Back in 1997 I wrote an article for the American Marketing Association concerning control issues in research design. The AMA titled the article “Control is elusive in research design” and it is as pertinent today as it was all those years ago.
The article talks about the important role control plays in the college research lab – how students learn that the integrity of research findings rests in large measure on the level of controls built into the designs – and contrasts this to the different reality researchers find in the commercial world. While understandably the role of controls in marketing research differs with the experimental intent in the lab, the ability to set controls within our designs is just as important to the success or failure of our research. And yet defining and implementing parameters of control is elusive outside the research lab due to many factors, not the least of which are those related to the peculiarities of clients’ needs & resources, timeliness, logistics, and cost. The difficulty of managing control can also come from the research process itself.
In quantitative research we strive to minimize error by, among other things, carefully designing our survey questionnaires to maximize clarity while minimizing potential response bias. Yet, for all the effort put into questionnaire design and interviewer training, the reality of any given telephone study is that a certain amount of control must be relinquished when fieldwork begins – after all, it is impossible to train interviewers and coders for every situation or possibility, leaving them to make their own subjective judgments as necessary.
Qualitative researchers typically cry “oh no!” at the idea that controls play a part in qualitative designs, yet there are any number of control parameters built into these studies. As one example, many moderators hope to gain a truer understanding of discussants’ reactions to visual stimuli by systematically controlling the order in which concept boards (whatever) are shown from focus group to focus group in a multi-group project. Although I don’t agree with this practice (the reasons why may be explored in a subsequent post), it is interesting to note that the moderator’s defense of rotating stimuli typically draws on the quantitative-leaning concepts of primacy and recency.
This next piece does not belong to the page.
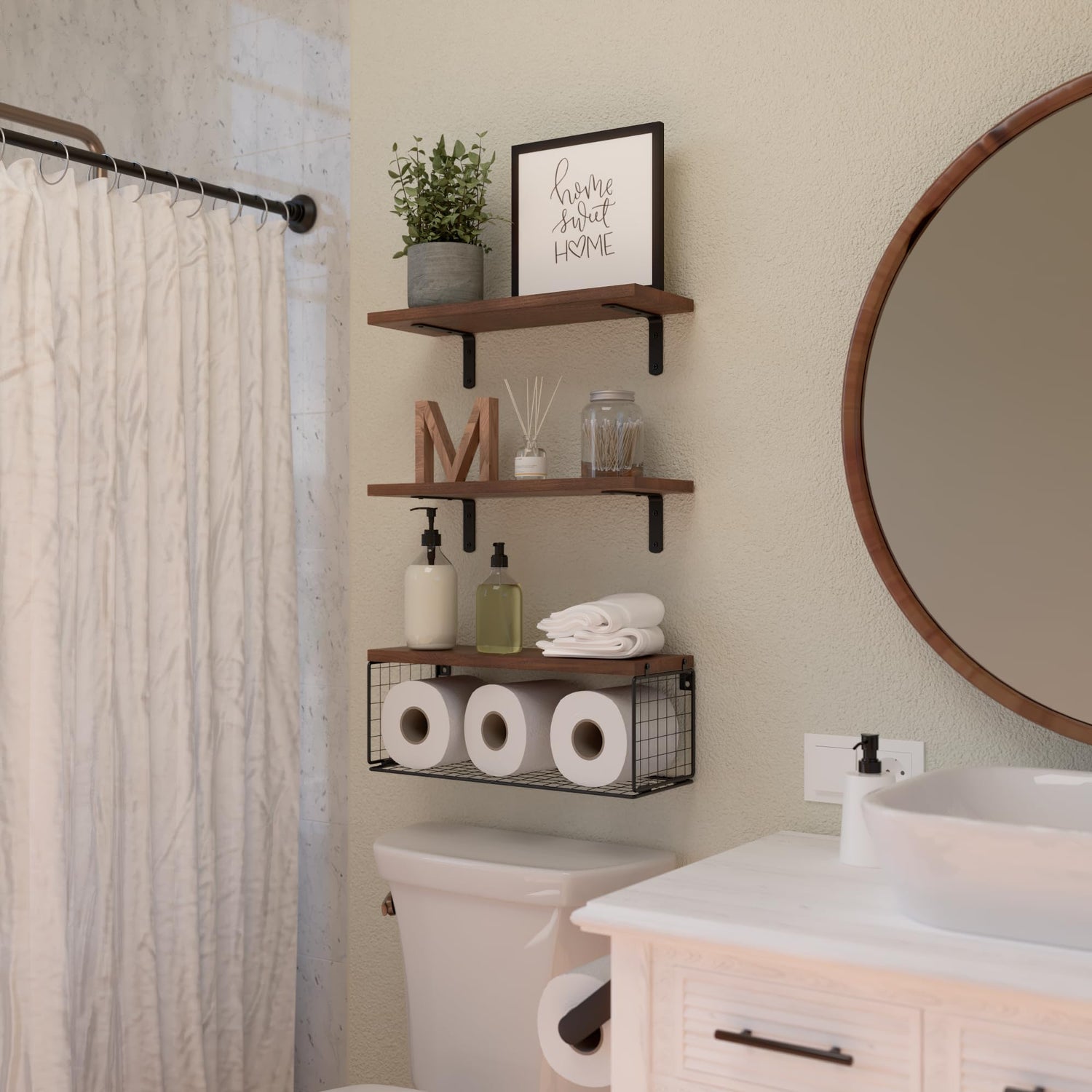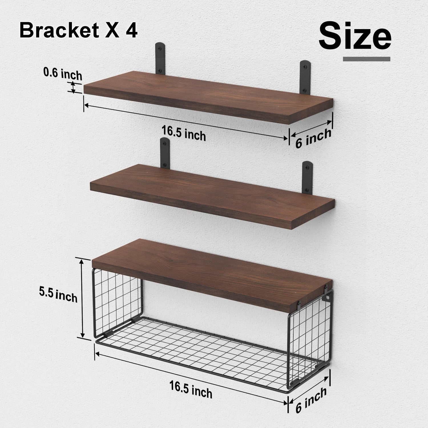 - 2-in-1 Floating Shelves with Toilet Paper Basket - The size of the floating shelves basket is 16.5*6*5.5 inches, which can store 3 rolls of toilet paper, other small objects, and towels. Our storage basket of bathroom floating shelves is made of iron wire with a powder-coated finish, which is more solid and won’t rust. It fits the humid environment. These wall-mounted floating shelves with a grid design will reduce dust accumulation, and keeps the toilet paper clean and dry.

And, of course, both quantitative and qualitative researchers grapple with lots of other control issues you won’t find in the research lab, such as professional respondents (“repeaters”) and those who pretend to be who they are not (“cheaters”).
So what is the role of control in our research designs? Real world commercial research is not an ideal experimental environment but that shouldn’t diminish our consideration of control issues as we perfect our research designs.